◆ WHAT YOU SHOULD DO
If a line holds an image, leave the image out; write out everything else in the records exactly.

◆ DATA FOR ANALYSIS
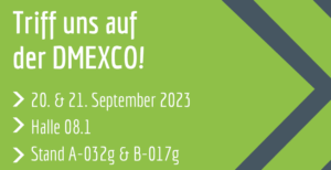 triff uns auf der DMEXCO in Köln am 20. + 21.09.2023. Du hast noch kein Ticket? Wir verlosen 5 Besuchertickets und freuen uns auf Deinen Besuch an unserem Messestand A-032g & B-017g in Halle 08.1.
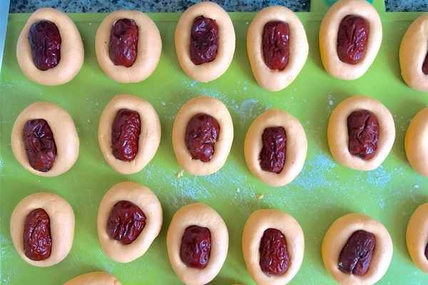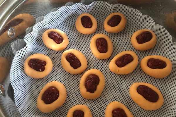 7、取一個小面團搓成光滑的圓球,放上紅棗壓扁,將全部的軟糕做好。
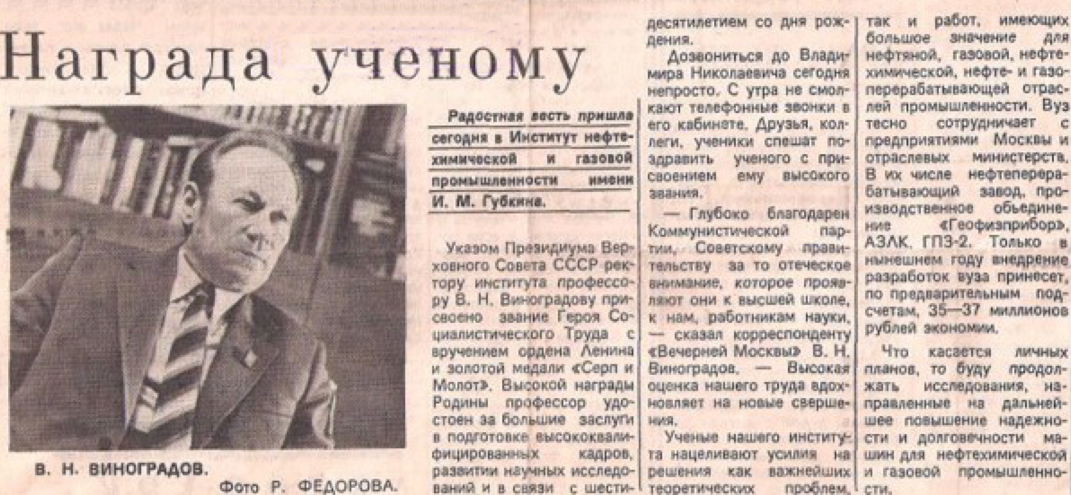 По инициативе В.Н. Виноградова создана новая форма творческого содружества академической и вузовской науки. Под его руководством институт занял передовые позиции в развитии нефтегазовой науки, успешно сочетая фундаментальные и прикладные исследования. В университете проводились отраслевые научно-технические конференции и совещания с участием ученых из НИИ и специалистов нефтяной, газовой и химической промышленности.
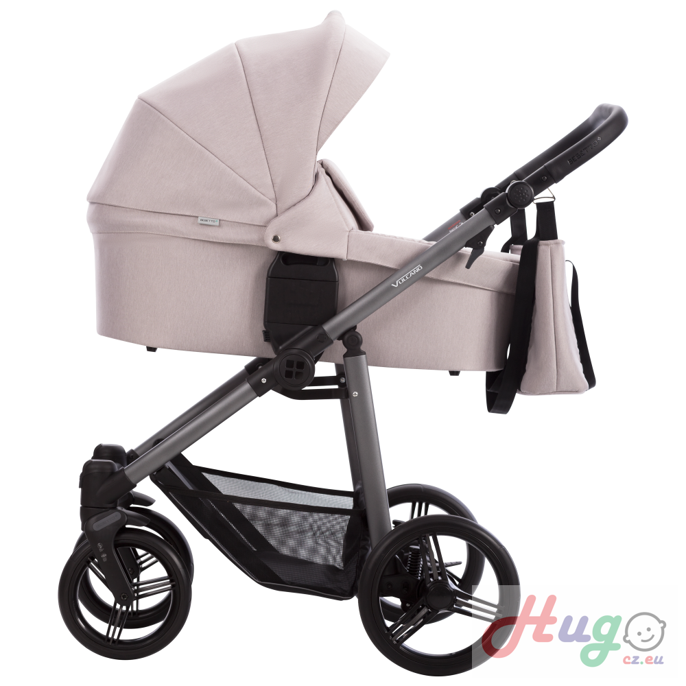 Vulcano je lehký univerzální kočárek, který spojuje nejlepší technické řešení z modernímy materiály. Model je vybaven plastovou spodní části korbičky opatřenou regulací opěrky a přídavným ovládáním odvětrávání vnitřku korbičky, který umožňuje přirozenou cirkulaci vzduchu. Moderní lehká hliníková konstrukce
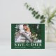 Modern Trendy Salve o Cartão-postal de data com script de bloqueio e combinação de script de caligrafia. Forest Green.
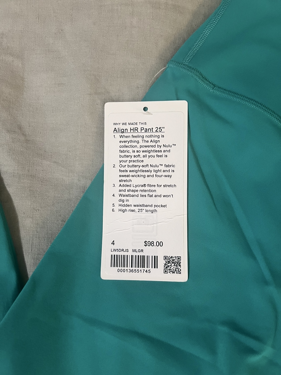 NWT Lululemon Align High-Rise Pant 25" - size 4
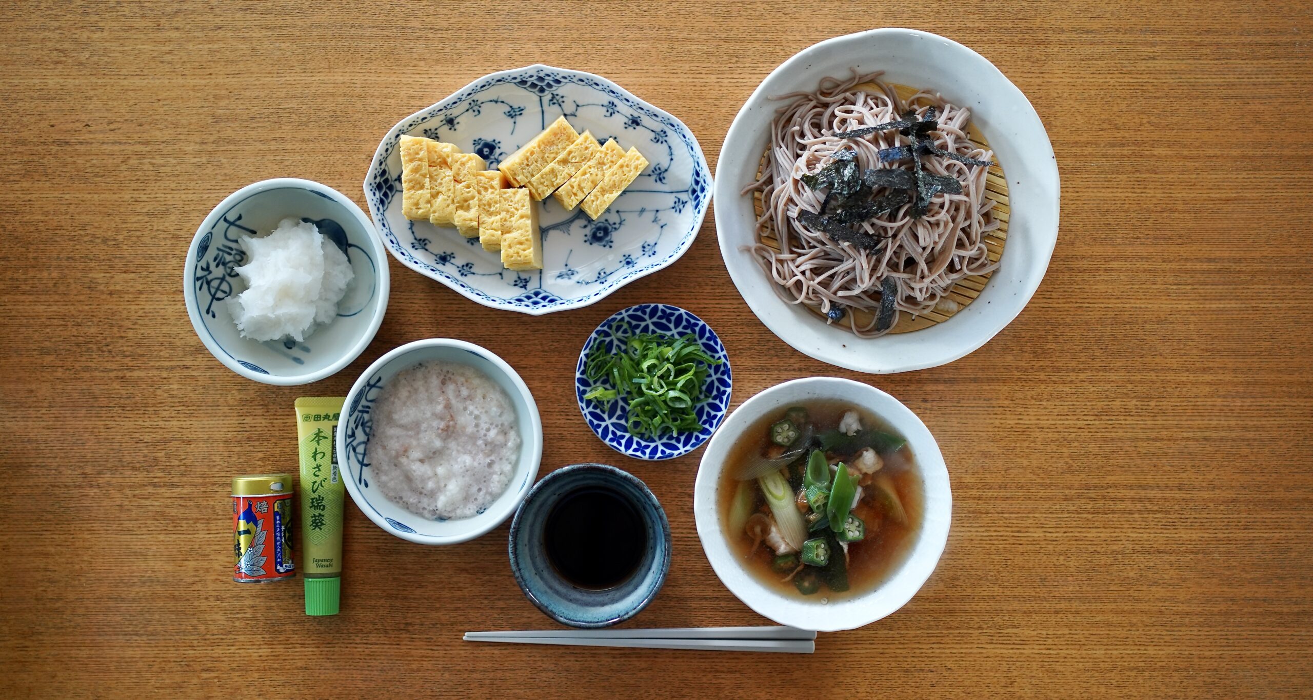 ①ざる蕎麦【『元祖十割そば』(株)山本かじの 販売/山本食品(株)製、つゆは『吟御膳そばつゆ』ヤマモリ(株)製と温つけ汁(なめこ、オクラ、九条ネギ、豚しゃぶ肉入り)、薬味は大根おろし、長芋とろろ、九条ネギ、『焙煎一味』(有)八幡屋礒五郎 製・『本わさび瑞葵』(株)田丸屋本店 製】
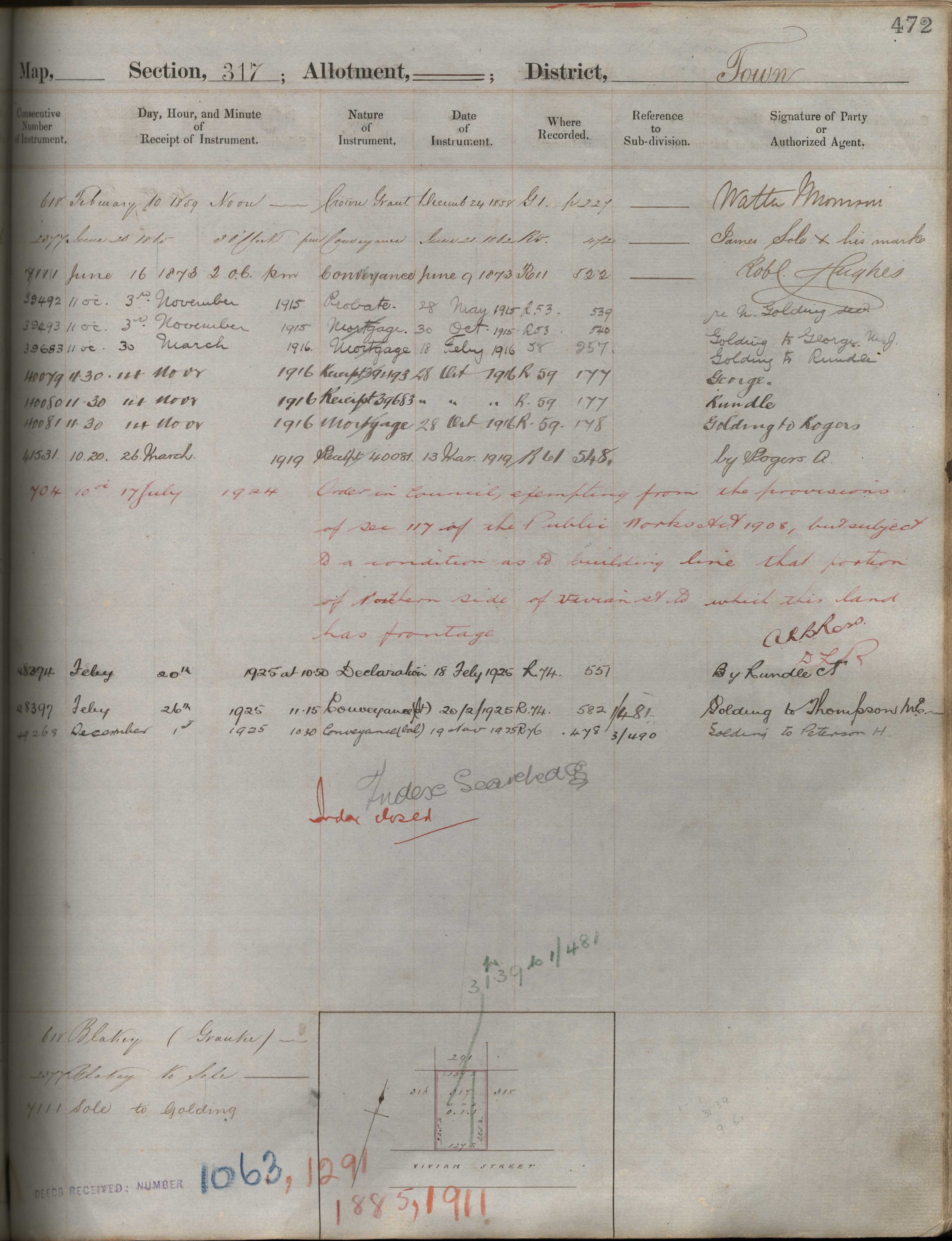 Town Section 317, Taranaki Land Deed Index I1 Page 472. (Archives New Zealand)
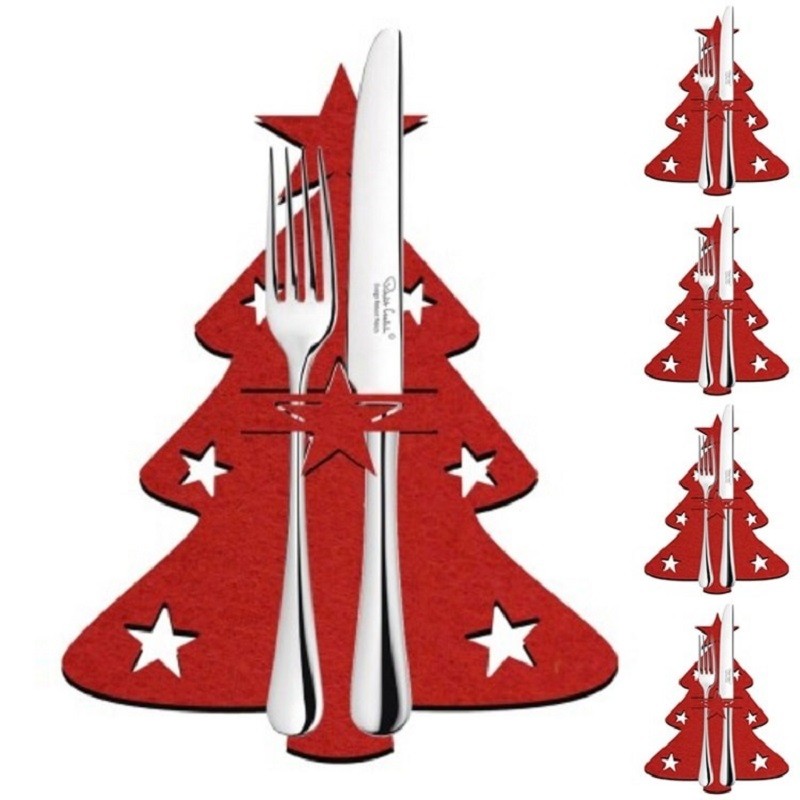 O saco de Natal para talheres em forma de árvore é uma decoração ideal para a mesa. É fabricado em material de qualidade. Proporciona uma atmosfera natalícia.

◆ RESPONSE
 triff uns auf der DMEXCO in Köln am 20. + 21.09.2023. Du hast noch kein Ticket? Wir verlosen 5 Besuchertickets und freuen uns auf Deinen Besuch an unserem Messestand A-032g & B-017g in Halle 08.1.
 7、取一個小面團搓成光滑的圓球,放上紅棗壓扁,將全部的軟糕做好。
 По инициативе В.Н. Виноградова создана новая форма творческого содружества академической и вузовской науки. Под его руководством институт занял передовые позиции в развитии нефтегазовой науки, успешно сочетая фундаментальные и прикладные исследования. В университете проводились отраслевые научно-технические конференции и совещания с участием ученых из НИИ и специалистов нефтяной, газовой и химической промышленности.
 Vulcano je lehký univerzální kočárek, který spojuje nejlepší technické řešení z modernímy materiály. Model je vybaven plastovou spodní části korbičky opatřenou regulací opěrky a přídavným ovládáním odvětrávání vnitřku korbičky, který umožňuje přirozenou cirkulaci vzduchu. Moderní lehká hliníková konstrukce
 Modern Trendy Salve o Cartão-postal de data com script de bloqueio e combinação de script de caligrafia. Forest Green.
 NWT Lululemon Align High-Rise Pant 25" - size 4
 ①ざる蕎麦【『元祖十割そば』(株)山本かじの 販売/山本食品(株)製、つゆは『吟御膳そばつゆ』ヤマモリ(株)製と温つけ汁(なめこ、オクラ、九条ネギ、豚しゃぶ肉入り)、薬味は大根おろし、長芋とろろ、九条ネギ、『焙煎一味』(有)八幡屋礒五郎 製・『本わさび瑞葵』(株)田丸屋本店 製】
 Town Section 317, Taranaki Land Deed Index I1 Page 472. (Archives New Zealand)
 O saco de Natal para talheres em forma de árvore é uma decoração ideal para a mesa. É fabricado em material de qualidade. Proporciona uma atmosfera natalícia.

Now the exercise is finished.